Именно поэтому, будучи в состоянии настоящей озадаченности, когда работает наша «Система 2», мы не чувствуем, как течет время. По сути, оно для нас субъективно может даже останавливаться – мы вытягиваем из себя (и в себя) информацию, складываем ее, комбинируем, «переплавляем». Но не надо забывать, что подобная активная работа возможна только в том случае, если мы движимы «нехваткой», то есть, несмотря на это, само искомое, изыскиваемое решение находится для нас в будущем, к которому мы таким образом оказываемся направлены. Впрочем, есть и еще один временной аспект – это «торможение» (которое, как мы можем видеть, является по существу полной его противоположностью), на самом деле есть образовавшееся у нас время, время нашей подлинной интеллектуальной работы по созданию чего-то нового, прежде не существовавшего.

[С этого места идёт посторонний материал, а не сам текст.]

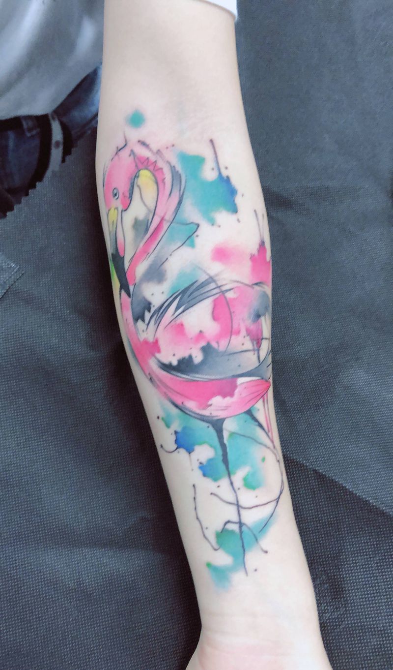 当前位置: 首页 >江苏省无锡市纹身店-8号刺青纹身图案>水彩风格火烈鸟纹身图片_手臂水彩火烈鸟纹身图案
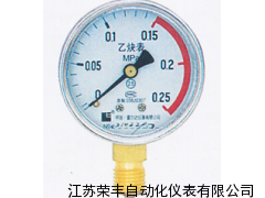 RF系列乙炔压力表主要用来测量乙炔的压力,属于禁油表的一种,因为在实际生产中乙炔表对压力表材质的特殊要求,所以乙炔压力表出来,成为压力表中的特种气体压力表。
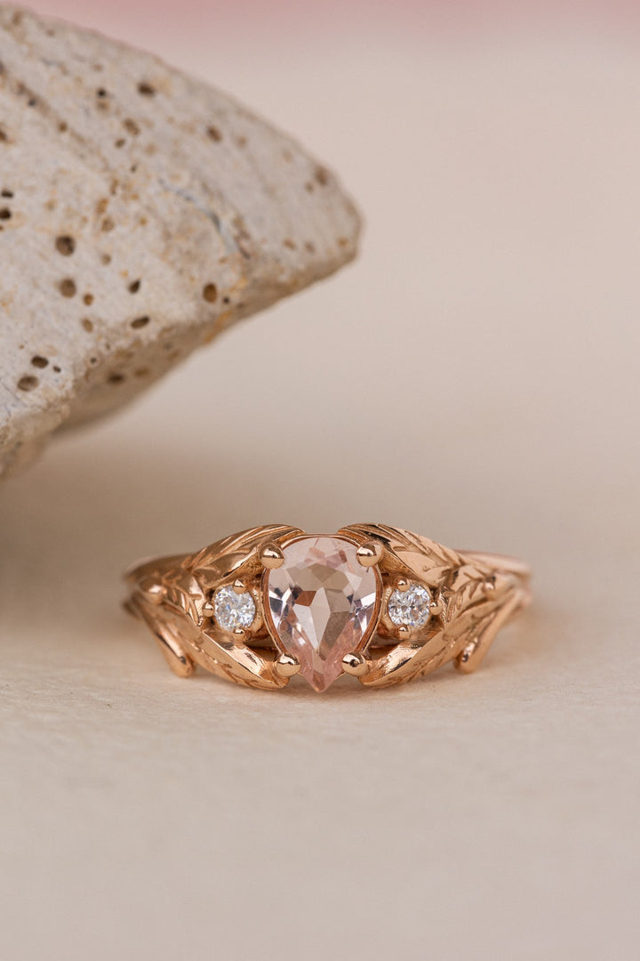 Morganite and side diamonds engagement ring, nature inspired gold proposal ring
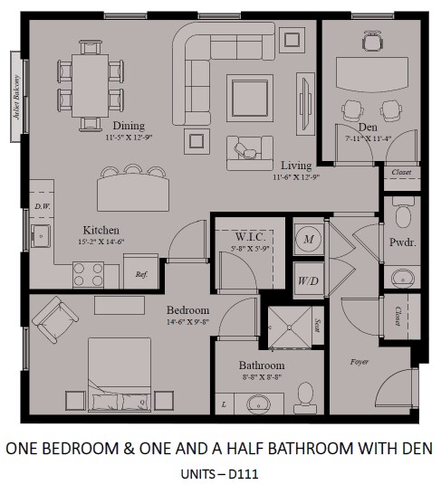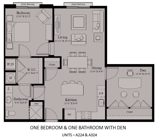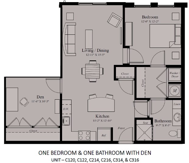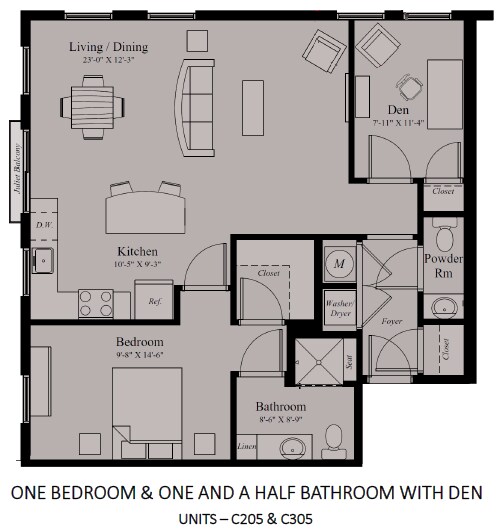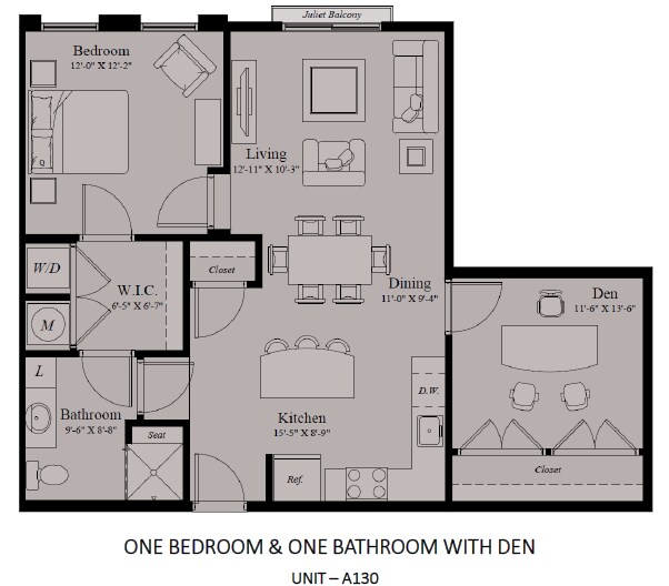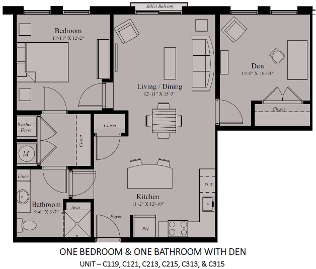 1 BR 1 BA with Den - Floorplan 4 ![]()

Сумев озадачиться, мы в каком-то смысле создаем пространство для времени в нашем собственном мозгу – тот самый функциональный центр в лобных долях, где осмысляется вопрос, возникший в нашем сознании. То есть здесь не время что-то делает с нами, а мы сами совершаем акт его создания, и в этом времени есть фактическое существование нас (мы его активные делатели), а не обычное наше времяпрепровождение, свойственное «Системе 1».